Carnistir / Moryo = Caranthir
Angaráto = Angrod
Tyelkormo (Tyelko) = Celegorm
Aikanáro = Aegnor
Curufinwë (Curvo) = Curufin


“Would you be quiet?!” Carnistir bellowed from the hammock he’d strung up inside the storage hut. The banging stopped and he propped his book up on his thigh with a satisfied grunt.

A moment later, Angaráto’s broad form appeared in the doorframe, his bright hair lit from behind by the golden light of Laurelin. An axe was hanging from his right hand.

“Listen, Moryo. If you want to eat any of the hunt that our brothers bring back, we need a fire. For a fire, we need wood. Do you want to eat tonight?”

Carnistir ignored him.

“I said: do you want to eat tonight?” Angaráto stood there, breathing heavily.

“No.” Carnistir huffed.

“No? You don’t want to eat?”

“I don’t need to eat.”

The axe dropped to the floor with a clang, accompanied by a loud sigh. Angaráto slumped down onto an upside-down fruit box. Carnistir, aware of his half-cousin’s eyes fixed on him, stared at his open book. Not reading any of the words (he was far too agitated now for that), but intently focused on not engaging.

Angaráto sighed again. “Why are you even here?”

“I’m relaxing.” Carnistir flipped a page, keeping up the act.

“Why don’t you relax outside? Somewhere further from the camp?”

“I like it inside. There are too many birds out there”

“Birds…” Angaráto muttered to himself, rubbing his chin. “Well, I’m going to go back to chopping wood. Up to you if you prefer that or the birds.”

After a long moment, seemingly waiting for a response (what kind of response, Carnistir could not imagine), Angaráto stood and left. Carnistir was on edge, listening for the resumption of the woodchopping, but it didn’t come.
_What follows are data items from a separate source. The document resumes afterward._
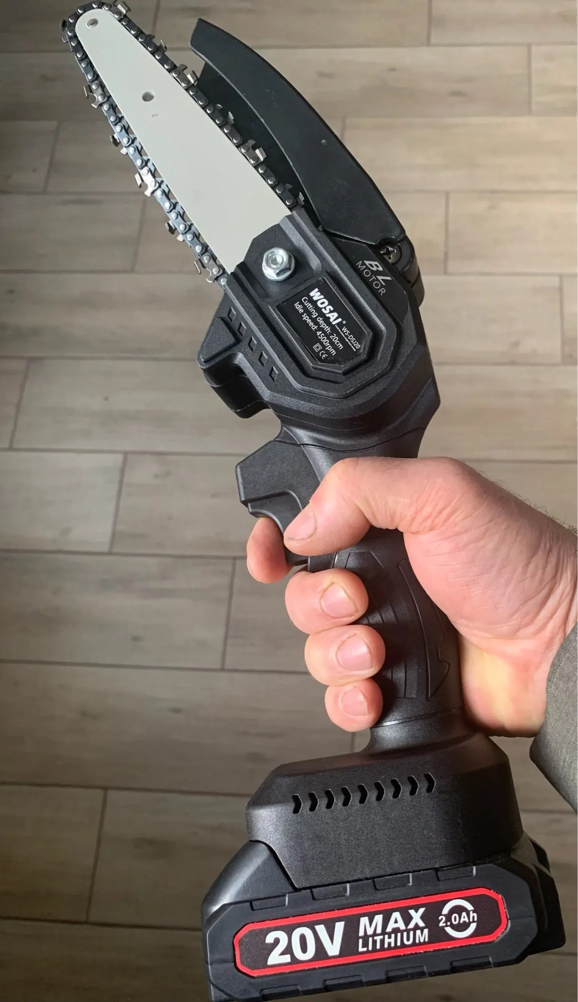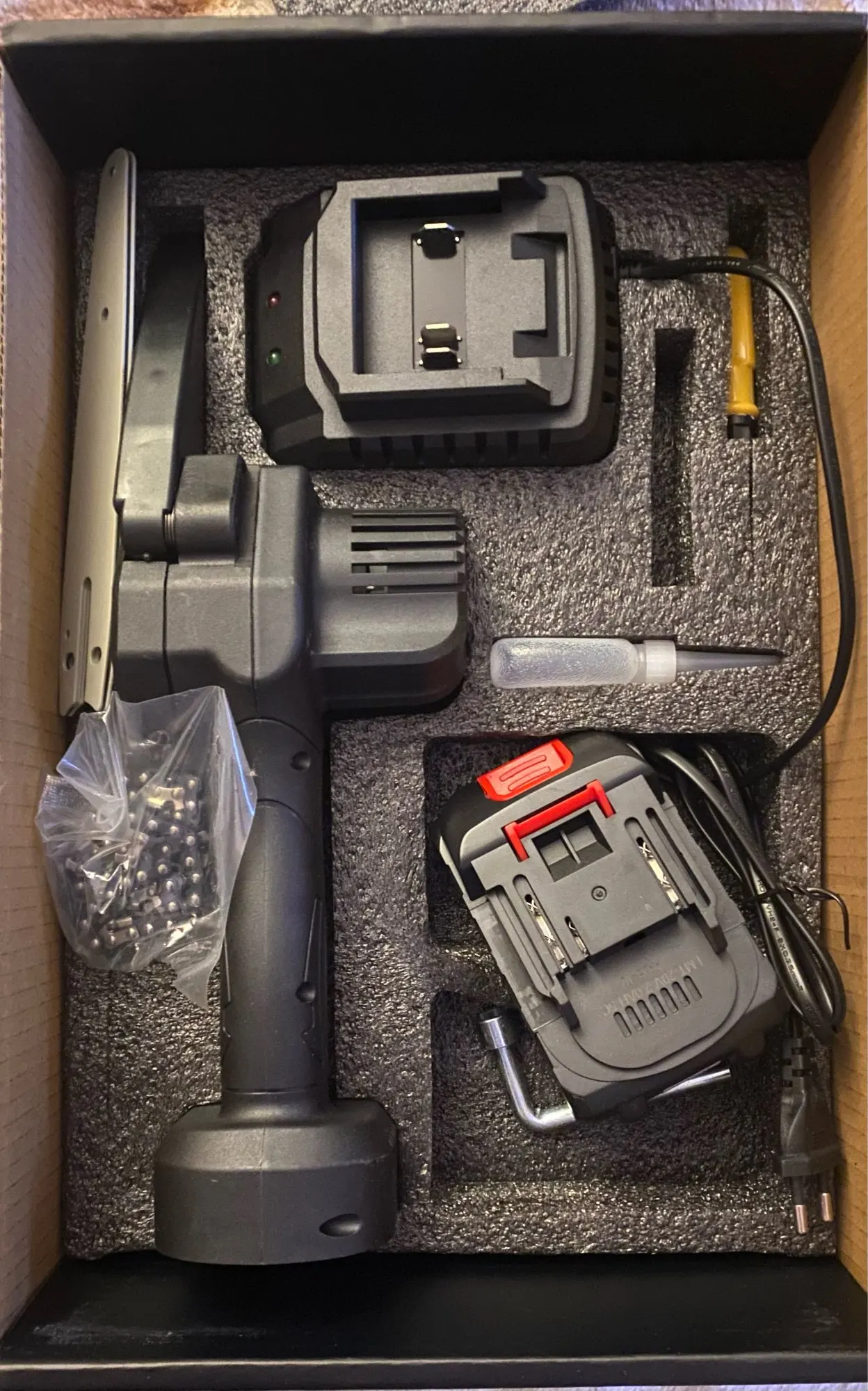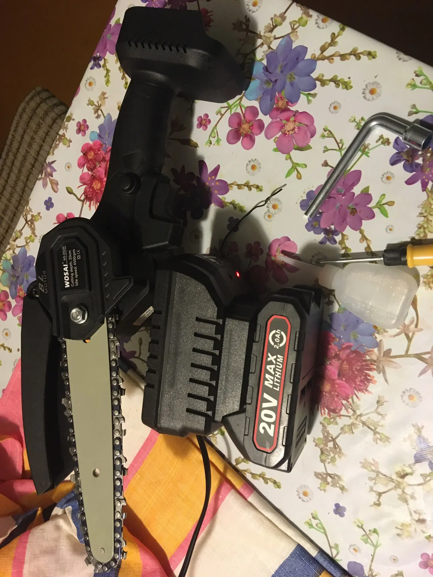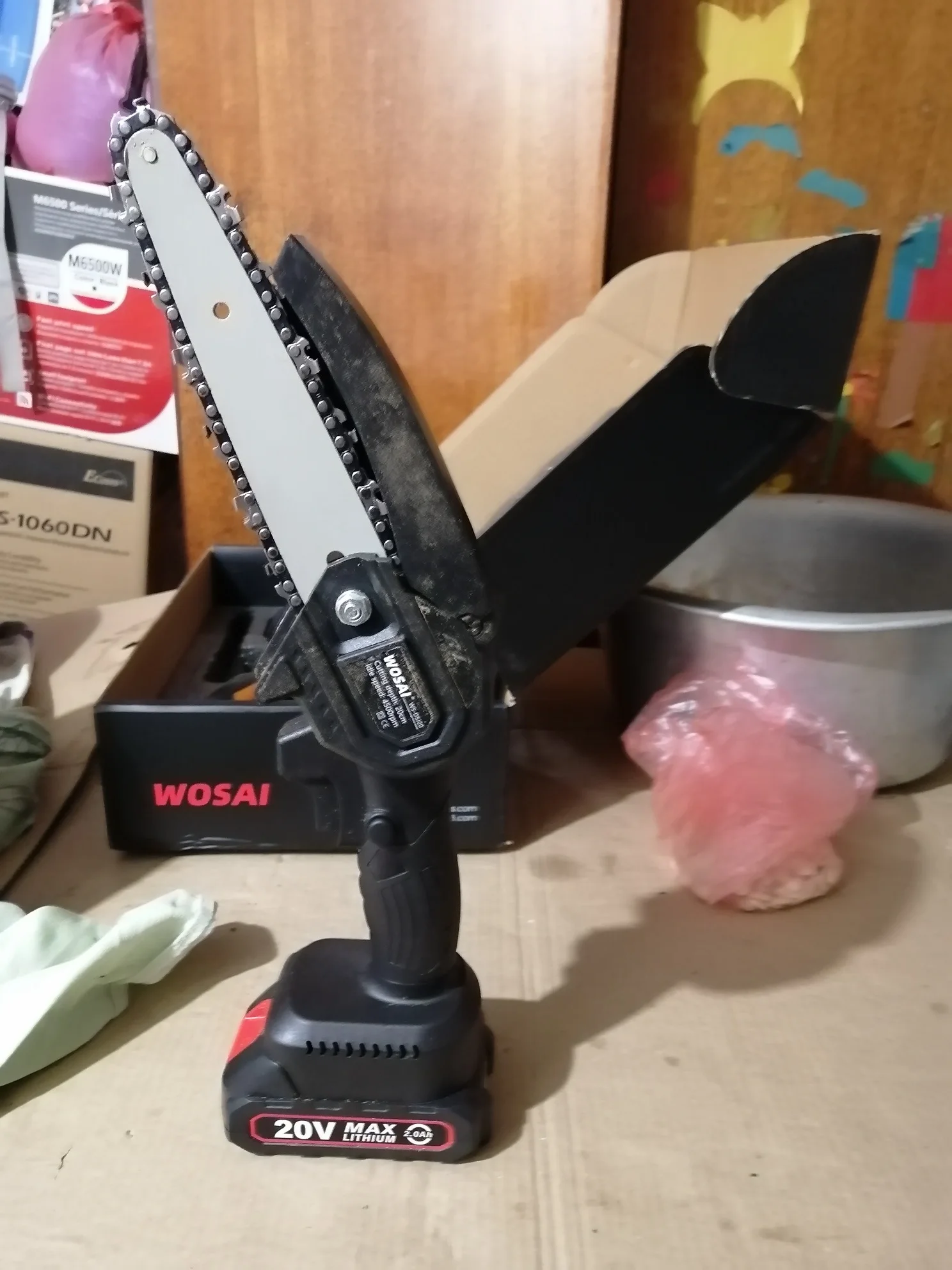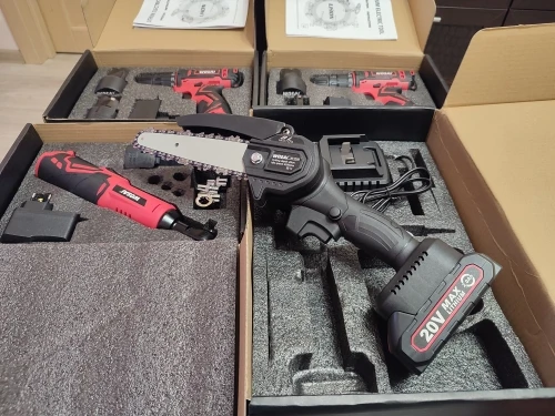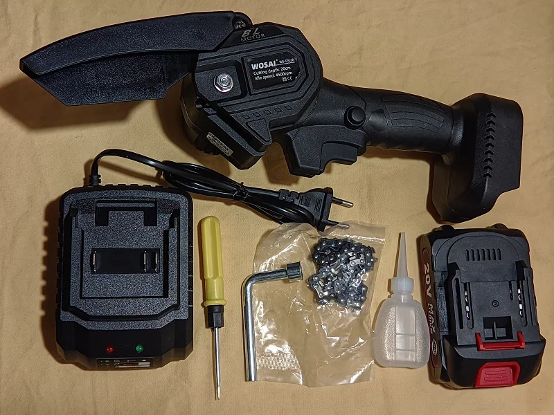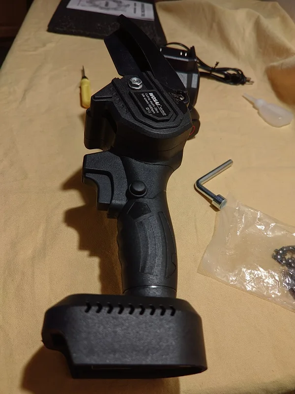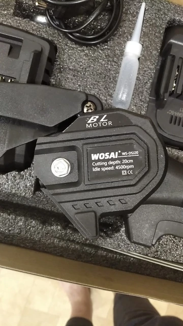 Это вторая покупка этой компании Wosai. Первой покупкой был шуруповёрт ( тоже 20v) отличное качество, поэтому и заказал цепную пилу с таким же аккумулятором (20v) отцу в подарок,опиливать ветки в саду) И летом поехав в гости повзаимствовать на пикник, чтобы дрова для костра пилить!;) Качество пилы хорошее , с ней идее сосуд под масло наверное) пустой правда,но это ничего страшного. Выкладываю фото)))
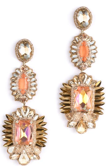Feathery sculpted petals and glass beads punctuate each tier of these shimmering statement earrings showcasing a sparkling mix of crystals.
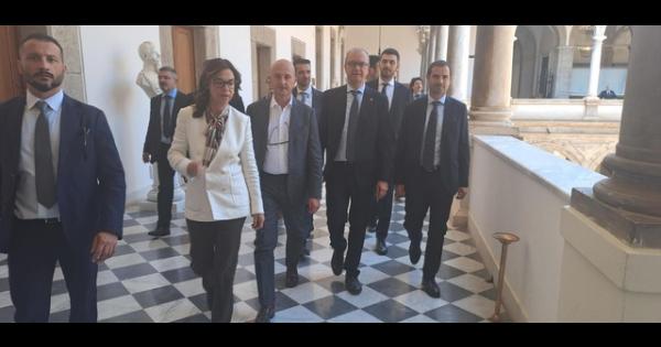 (ANSA) - PALERMO, 21 MAG - Visita a Palazzo dei Normanni, sede dell'Assemblea siciliana, per il ministro dell'Istruzione e del merito Giuseppe Valditara, oggi a Palermo. Dopo avere ammirato i tesori della cappella Palatina accompagnato dall'assessore regionale all'Istruzione Mimmo Turano, il ministro è stato accolto dal vice presidente dell'Ars Nuccio Di Paola, dal segretario generale Fabrizio Scimè e Filippo Palmeri, capo di gabinetto del presidente Gaetano Galvagno. Dopo una breve riunione, il ministro ha proseguito la visita del Palazzo e si è poi soffermato a sala d'Ercole, dove ha incontrato alcuni studenti seduti sugli scranni dei deputati. (ANSA).
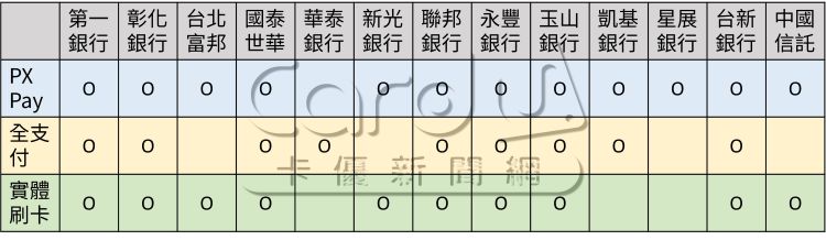 支援PX Pay、全支付或在全聯門市刷卡的銀行
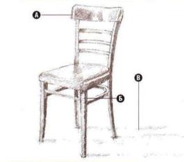 А Реалистичные очертания. Этот стул нарисован с помощью конструкционных линий и в полном соответствии с законами перспективы, поэтому изображенный предмет выглядит столь реалистично.

He folded an arm behind his head and scanned for his place in the text.

Then the brawny, yellow-haired prince was back. “You know,” he said. “I didn’t expect you to stay behind when I offered to tend to the camp today.”

That was it. Carnistir tossed the book aside and swung his legs over the side of the hammock. “And I didn’t expect you to be here either.”

He had been fantasising about spending an entire day alone since they’d arrived. It was the reason he’d come on this trip with his brothers and cousins at all. He did very much enjoy the balmy, verdant forests of southern Aman in this season, normally – it was horribly unfortunate that a flock of parrots had decided to take up residence in the canopy right above their hunting camp, screeching and shitting all day long.

Then the howler monkeys started up.

Angaráto groaned. “It’s too hot. I’m going for a swim in the river.” He paused. “Do you want to come?”

Carnistir’s eyes grew wide. Under his tunic, a bead of sweat rolled down his chest. His hair clung to his neck. The monkeys were reaching a crescendo.

He stood and brushed past Angaráto on his way out the door.

 

They didn’t talk on their way to the river. They didn’t even acknowledge each other’s presence. In fact, they really didn’t go together at all. They were just two people who both happened to be going for a swim in the jungle.

Until they got there and Angaráto decided to change this perfectly acceptable dynamic.

“Why don’t you like me?” He pulled his tunic over his head and tossed it on the rocks beside the slow-flowing pool. His muscles rippled and flexed as he settled his hands on his hips expectantly.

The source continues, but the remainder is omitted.